In this section, we evaluate the performance of our accelerator on mainstream CNN architectures, specifically VGG-16 [32] and ResNet-18 [33]. The accelerator is configured to use the ResNet-18 and VGG-16 architectures for image classification on the ImageNet dataset, with an input size of 224 × 224 pixels. The throughput performance of the accelerator is estimated based on the total number of operations and the overall latency incurred by executing the convolutional layers. This total latency includes computation time, access time between DRAM and on-chip buffers, and the time required for reading and writing input, output, and weight data. The power consumption of the accelerator is evaluated using the Xilinx Vivado 2021.2 Power Analysis Tool.
Figure 9 and Figure 10 illustrate the training waiting latency and overall MACs utilization across different layers during various training stages for both VGG-16 and ResNet-18. In the ResNet-18 network, certain layers (e.g., conv 1.1.1, conv 3.1.3) exhibit lower MAC utilization, which can be attributed to the network architecture and cache access design.

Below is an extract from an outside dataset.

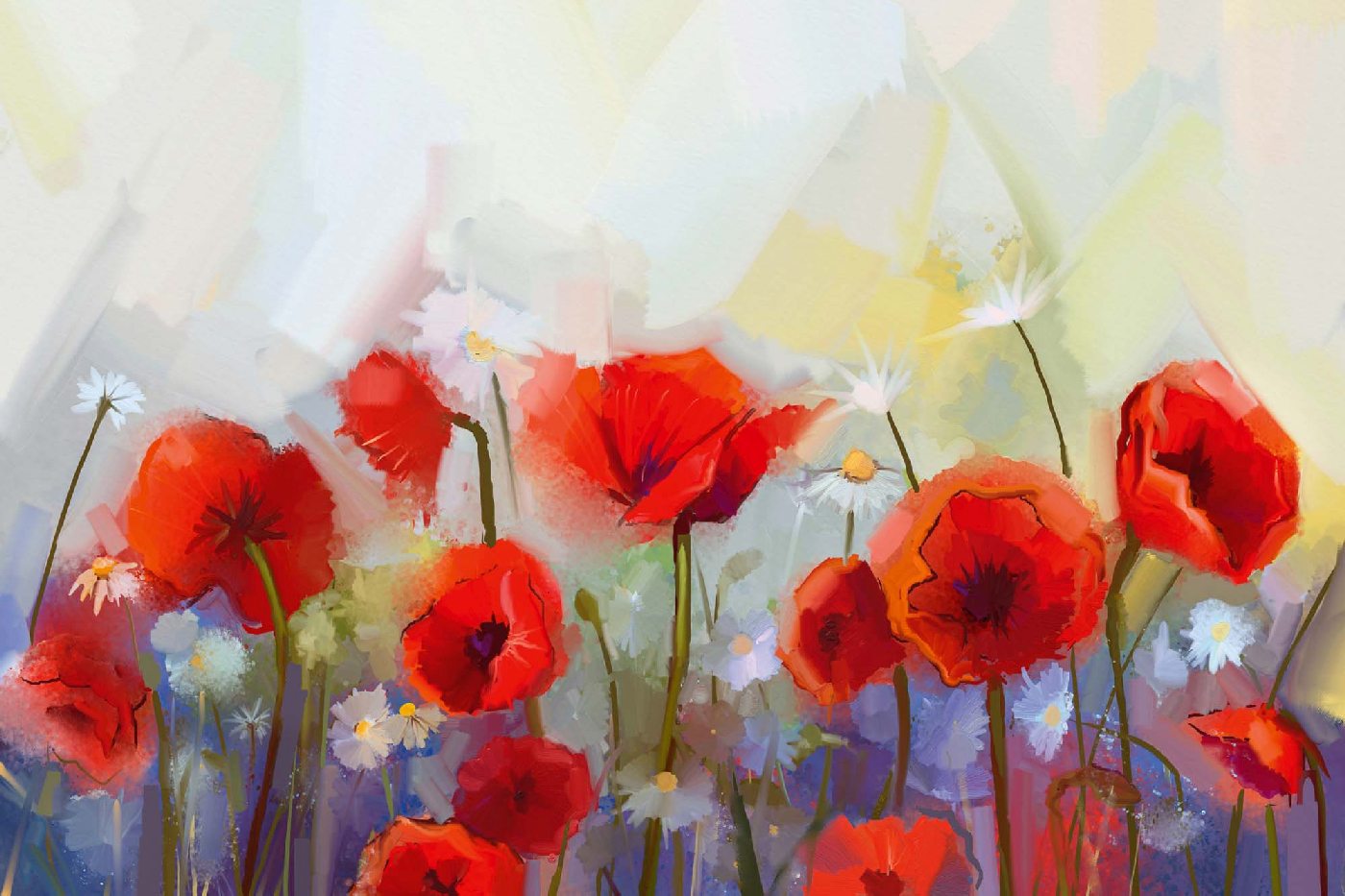 Vlies Fototapete - Ölgemälde Roter Mohn 375 x 250 cm

For example, the first layer of ResNet-18 has only 3 input channels. This limited number of channels leads to inefficient division of input features into 6 × 6 input tiles, resulting in incomplete MAC mapping and reduced utilization. Moreover, due to the memory bandwidth limitation of 2.4 GB/s in the Zynq 7000 series (Xilinx XC7Z045. AMD Xilinx, San Jose, CA, United States.) and hardware resource constraints, the access time between off-chip DRAM and on-chip buffers is longer compared to using BRAM for data access. This results in increased processing time for small convolution layers and non-convolution layers.
Furthermore, in the memory design described in Section 4.4, we implemented a pre-stored cache shift mechanism to enhance the flexibility of data access patterns and improve data reuse. This design increases data reuse for large convolution layers, which in turn reduces MAC utilization in certain smaller convolution layers. However, since these specific layers constitute a relatively small proportion of the overall computation in the ResNet-18 network, the average MAC utilization remains at 90%, with an average throughput of 674.46 GOPS. In the VGG-16 network, the average MAC utilization is 85%, with an average throughput of 665.74 GOPS.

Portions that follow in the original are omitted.